[Work to be completed]: An exact reproduction is needed of every line from the beginning of the data down to and including the line that contains "7月11日,四川物通科技集團", minus the pictures.

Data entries
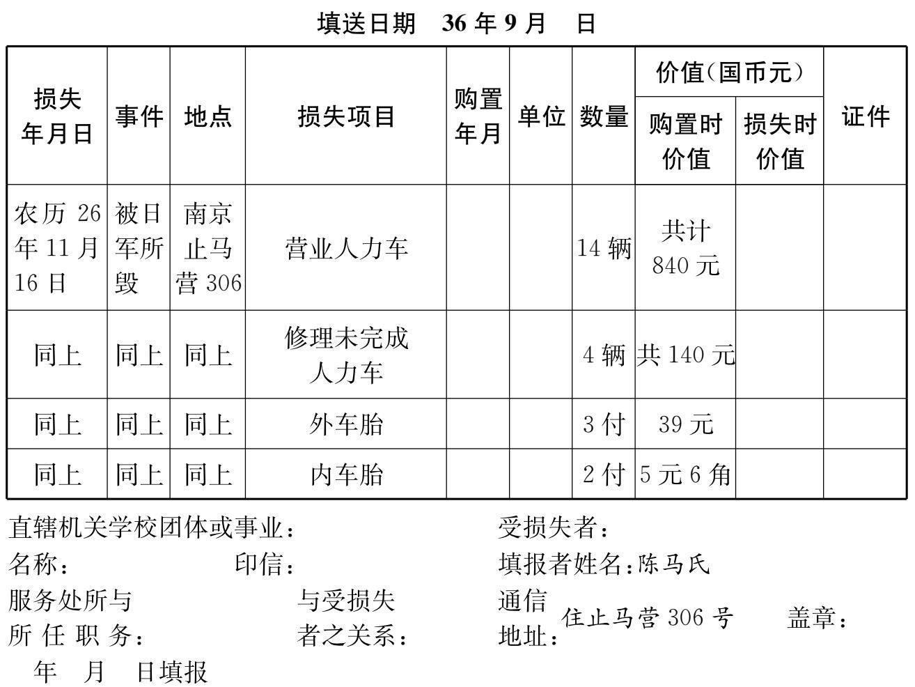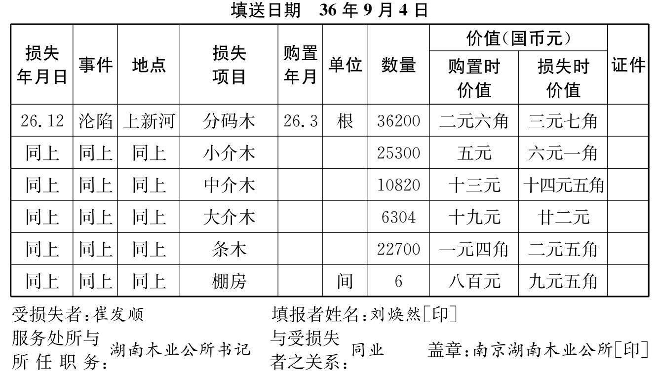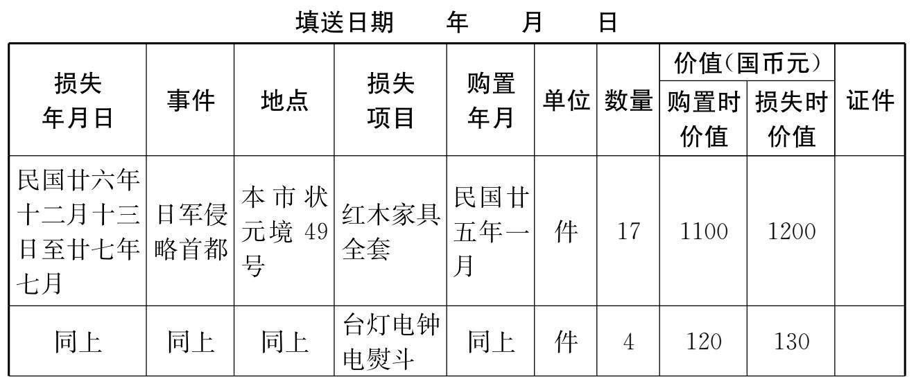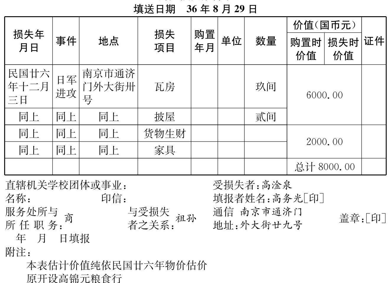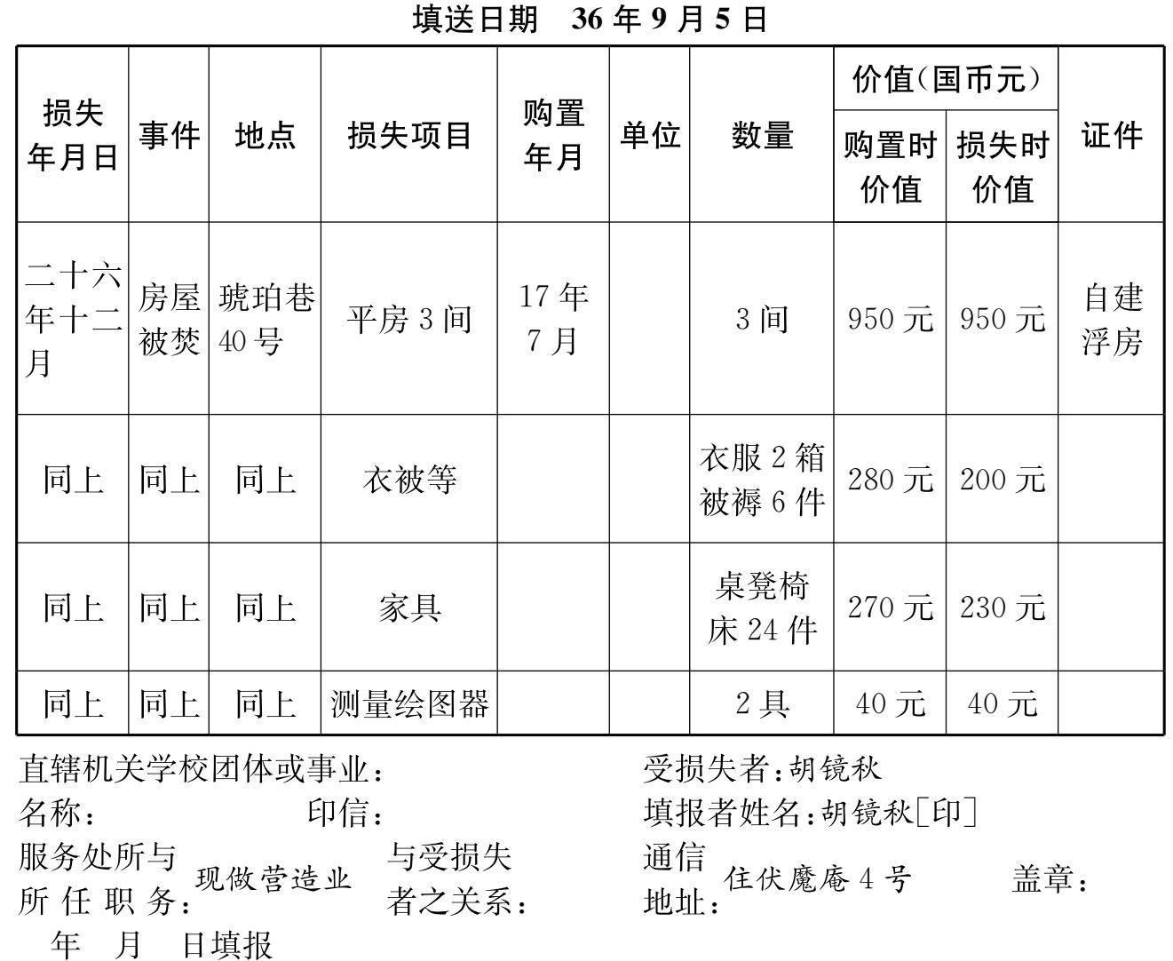 ② 本格及其上面几格填写位置可能有误,疑为“损失时价值”。原档如此。
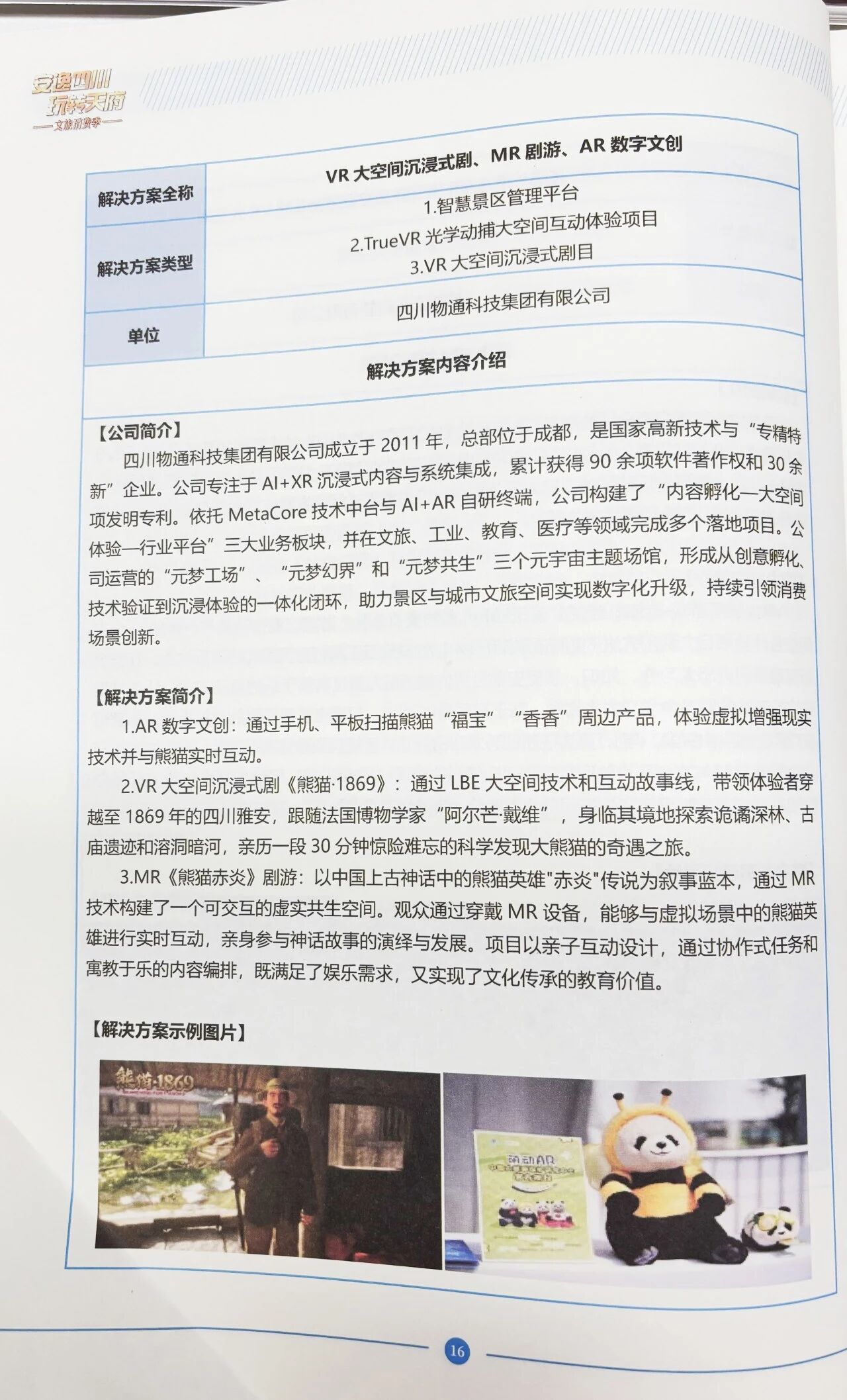 7月11日,四川物通科技集團(tuán)有限公司受邀參加“2025中國(成都)動(dòng)漫游戲消費(fèi)季——首屆天府星游會(huì)·文旅消費(fèi)場(chǎng)景創(chuàng)新升級(jí)精準(zhǔn)對(duì)接會(huì)”,并憑借“VR大空間沉浸式劇目、MR沉浸式劇游、AR數(shù)字文創(chuàng)”等系列解決方案,成功入選會(huì)上發(fā)布的《文旅消費(fèi)場(chǎng)景項(xiàng)目及需求手冊(cè)》。
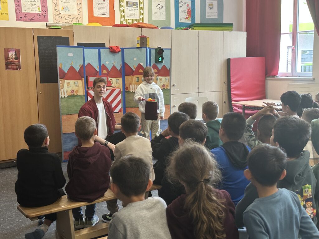 Doch die Aufführung bot nicht nur Unterhaltung, sondern hatte auch einen hohen Lernwert. Die Schülerinnen und Schüler erfuhren auf anschauliche Weise, wie sie sich zu Fuß sicher im Straßenverkehr verhalten. Dabei bezog der Verkehrsmagier die Kinder immer wieder aktiv mit ein und vermittelte ihnen – ergänzend zum Unterricht – wichtige Grundlagen der Verkehrserziehung auf spielerische Art. Themen waren die Überquerung von Straßen an Ampeln, Zebrastreifen oder sonstigen Orten sowie korrekte Sitzplätze für Kinder und Anschnallpflicht in Autos. So wurde die Show zu einem besonderen Erlebnis für alle Beteiligten, das sicherlich noch lange in Erinnerung bleibt.
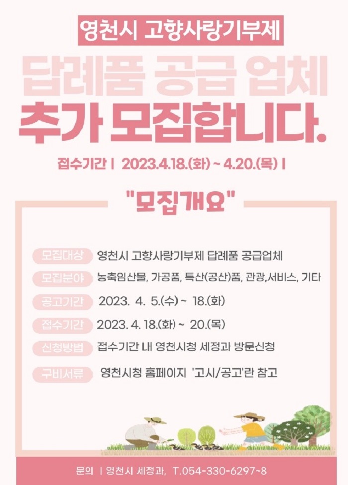 °ø±Þ¾÷ü ¸ðÁý ´ë»óÀº ¿µÃµ½Ã¿¡ »ç¾÷ÀåÀ» µÎ°í, ¼±Á¤µÈ ǰ¸ñÀ» »ý»ê·°¡°ø·Á¦ÀÛÇØ °ø±ÞÇÒ ¼ö ÀÖ´Â ¾÷ü·Î ´ä·Êǰ °ø±ÞÀ» ¿øÇÏ´Â ¾÷ü´Â Á¢¼ö±â°£(4¿ù 18ÀÏ~20ÀÏ) ³» ¿µÃµ½Ãû ¼¼Á¤°ú¸¦ ¹æ¹®ÇØ ½Åû¼·ù¸¦ Á¦ÃâÇØ¾ß Çϸç, ÀÚ¼¼ÇÑ °ø°í ³»¿ëÀº ¿µÃµ½Ã ȨÆäÀÌÁö ‘°í½Ã/°ø°í’ °Ô½ÃÆÇ¿¡¼ È®ÀÎÇÒ ¼ö ÀÖ´Ù.
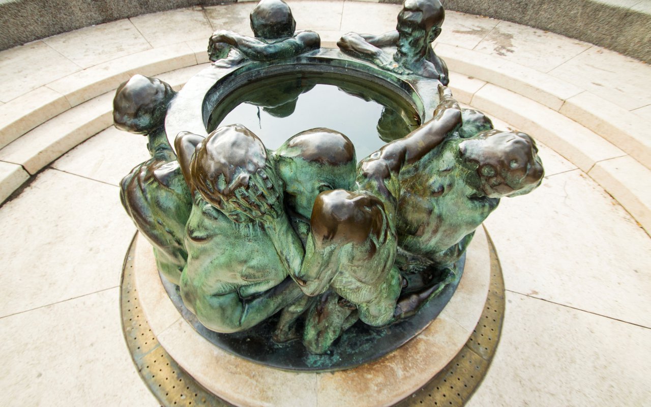 The sculpture “The Well of Life” was created in 1905, at the very beginning of Mestrovic’s career, on the occasion of the secession of Vienna. This bronze fountain was exhibited at its present location in 1912, opposite the Croatian National Theater in Zagreb, the capital city. It remains one of his major works. Why is the Fountain of Life a Mestrovic masterpiece? It represents the cycle of life with 10 naked bodies forming a continuous line around the pool. The beings represented are of increasing age, from children to the elderly. All are represented communicating, acting. Only one character stands out: the oldest. He gazes thoughtfully at his reflection in the water and seems troubled. Mestrovic’s talent can be seen in the expressions and feelings that he manages to communicate through his sculptures.
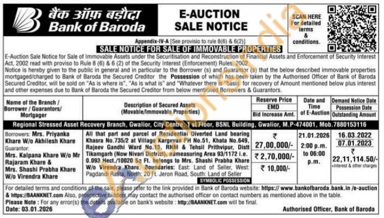 All that part and parcel of Residential Diverted Land bearing Khasra No.735/2 at Village Karguvan PH No.51, Khata No.649, Rajeev Gandhi Ward No.15, RNM & Tehsil Prithvipur, Distt Tikamgarh (Now Nivari District), admeasuring Area 93/1172 i.e. 0.093 Hect./10020 Sq Ft. belongs to Mrs. Shashi Prabha Khare W/o Virendra Khare. Boundaries: East: Land of Seller, West: Pagdandi Rasta, North: 20 Ft. Jeron Road, South: Land of Seller
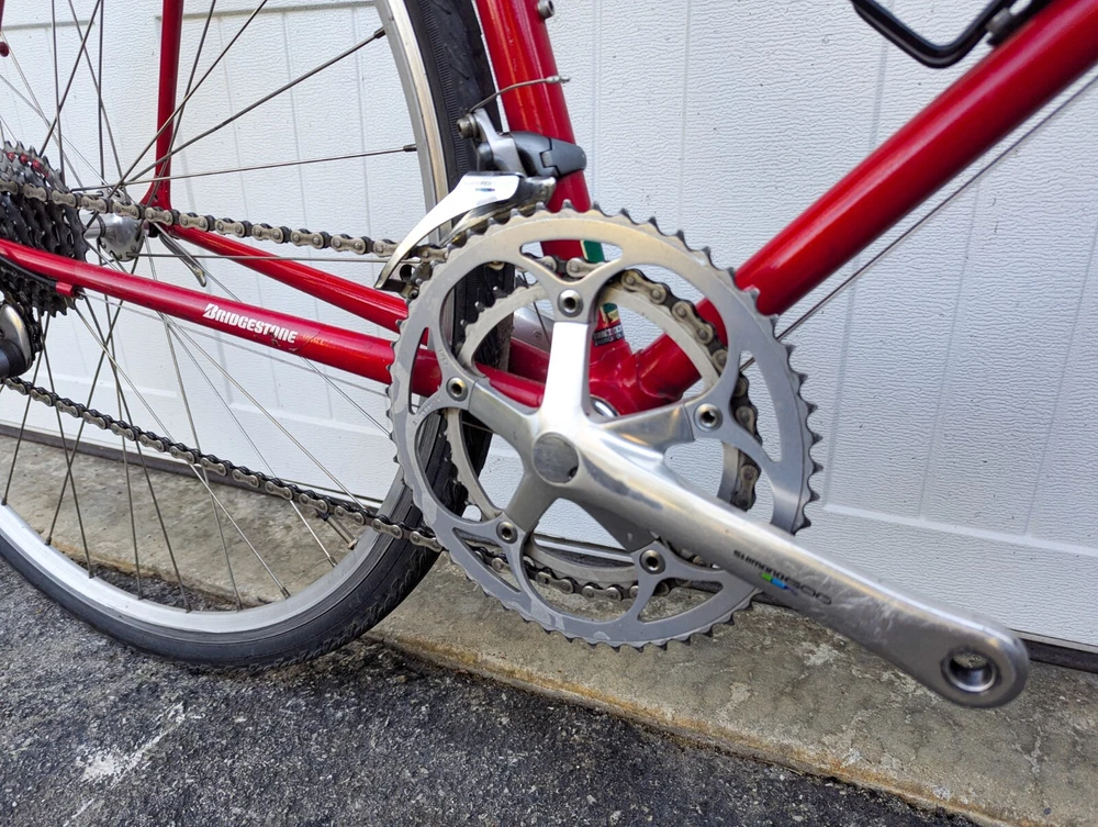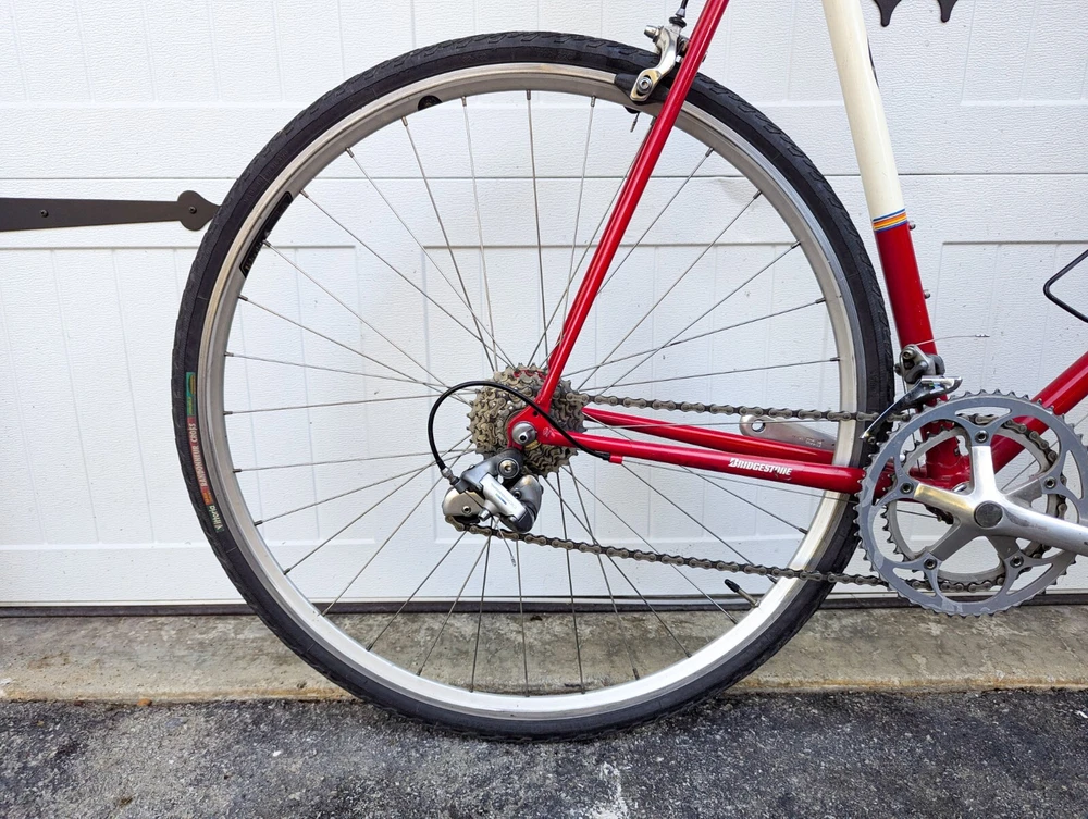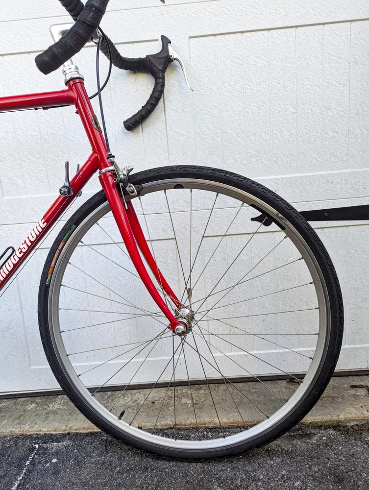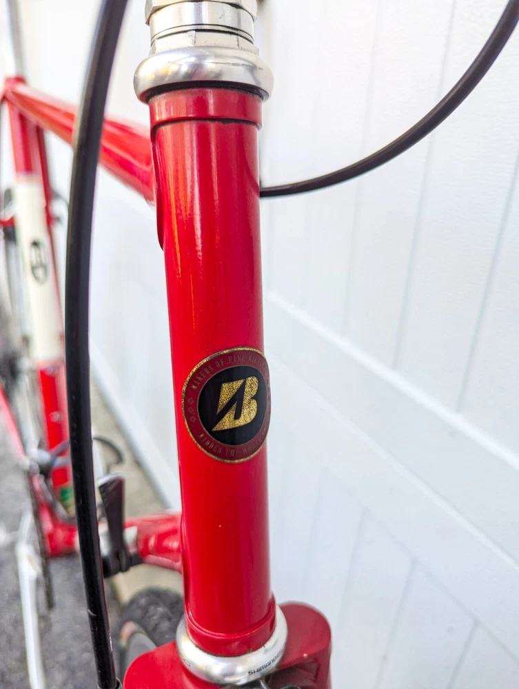 Up for sale is a wonderful Bridgestone RB1 60cm. The frame is in good shape, straight and true. There are a few paint chips from riding, but no dents or dings. BB - TT: 60cm TT: 60cm Standover: 33" Specs: Frameset: Bridgestone RB1 (Shimano 600 headset) Wheelset: Velocity hoops laced to Shimano 600 Hubs with 700x32c Vittoria Randoneur Cross Crankset: Shimano 600 53/39T 175mm Derailleurs: Shimano 600 2x7 Brakes: Dia Comp BRS 300 Saddle: Brooks B17 (w/ Brooks Bar tape

[Solution for this exercise]:
 ② 本格及其上面几格填写位置可能有误,疑为“损失时价值”。原档如此。
 7月11日,四川物通科技集團(tuán)有限公司受邀參加“2025中國(成都)動(dòng)漫游戲消費(fèi)季——首屆天府星游會(huì)·文旅消費(fèi)場(chǎng)景創(chuàng)新升級(jí)精準(zhǔn)對(duì)接會(huì)”,并憑借“VR大空間沉浸式劇目、MR沉浸式劇游、AR數(shù)字文創(chuàng)”等系列解決方案,成功入選會(huì)上發(fā)布的《文旅消費(fèi)場(chǎng)景項(xiàng)目及需求手冊(cè)》。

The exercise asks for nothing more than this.